Momonga is a Vice Admiral though. 

Doesn't get much lower than VA tier, that's hype tool tier.


----------



## Raiden34 (Jan 10, 2016)

Leopard said:


> Doffy turns Hancock into a slave again. .



Indeed.


----------



## Extravlad (Jan 10, 2016)

Hancock loses, she's part of the long list of charcters stronger than Snaji but weaker than Zoro.


----------



## Kaiser (Jan 10, 2016)

Hancock's standing is really unclear, but i heavily doubt she'd be shown as strong as Doflamingo
Doffy should take this. Not sure with the difficulty though. Maybe mid?


----------



## Bernkastel (Jan 10, 2016)

Samehadaman said:


> Momonga is a Vice Admiral though.
> 
> Doesn't get much lower than VA tier, that's hype tool tier.

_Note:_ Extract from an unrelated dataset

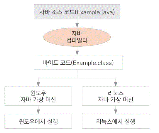 - 자바는 리눅스와 윈도우 등 다양한 환경에서 동일하게 작동.

Love knows no bounds and titles mean little to the power of the goddess 


*Spoiler*: __ 



True though VAs are trash among trash ...i should have used the argument that "even str8 women can resist the goddess's powers" 





In all seriousness though other Plot D. Luffy i don't see anyone else tanking merrow beam w/o haki protection/pain distraction.


----------



## IzayaOrihara (Jan 10, 2016)

I agree Bernkastel

Is Luffy homosexual or asexual? Or was it just plain old plot armour that allows him to tank Mero beam.


----------



## Bernkastel (Jan 11, 2016)

Homosexuality doesn't matter..we've already seen str8 women fall victim to her power.
Asexuality seems more legit and that's bestowed to him by the plot god.

Though If we see him having kids at the epilogue or smth i'm calling bullshit


----------



## Typhon (Jan 11, 2016)

Since Kuzan went out of his way to speak of her when mentioning Doflamingo, I'll assume they're fairly close. Does Doffy win? Yeah, but he'll be partially petrified


----------



## IzayaOrihara (Jan 11, 2016)

Samehadaman said:


> Momonga is a Vice Admiral though.
> 
> Doesn't get much lower than VA tier, that's hype tool tier.



A Vice Admiral cuffed Marco so VAs arent as weak as you think


----------



## Daisuke Jigen (Jan 11, 2016)

Doflamingo wins until we're shown otherwise. Not sure what diff though.


----------



## IzayaOrihara (Jan 11, 2016)

imo this could go either way. Doffy should be able to doege Mero Beam and Slave Arrow but he might not. On the other side, BH has Paraiste, Black Knight, Birdcage and Awakening to worry about. It might just be a bit too much.


----------



## fyhb (Jan 11, 2016)

Hancock hasn't been shown fighting anyone ever since Marineford (that I recall).

So she doesn't have enough feats yet .


----------



## Nekochako (Jan 12, 2016)

Doflamingo should take this high-diff.


----------



## savior2005 (Jan 12, 2016)

Extravlad said:


> Hancock loses, she's part of the long list of charcters stronger than Snaji but weaker than Zoro.



this lol. she is below zoro but way higher than sanji.


----------



## Beyonce (Jan 15, 2016)

savior2005 said:


> this lol. she is below zoro but way higher than sanji.



I don't see Zoro's haki protecting against Hancock's Devil Fruit
Zoro has no counter to Hancock's attacks. 

Zoro has no really impressive speed feats (neither does Hancock)
So at best, Hancock's handling him at Mid diff.


----------



## Maruo (Jan 15, 2016)

Doflamingo mid-diffs. Hancock's feats appear to match the monster trio's (one-shotting pacifistas) and she doesn't really have the hype of a top tier. Her position as the leader of an independent island suggests that she might be as strong as Inuaraishi or Nekomamushi but she's likely weaker since her island's in the Grand Line and not the New World.


----------



## Gohara (Jan 30, 2016)

Doflamingo wins with around high difficulty, IMO.  Doflamingo is physically stronger, has better defense, is faster, has better Haki, and has more powerful Devil Fruit abilities.  Doflamingo is basically a better version of Hancock, although he doesn't best her in those categories by much.


----------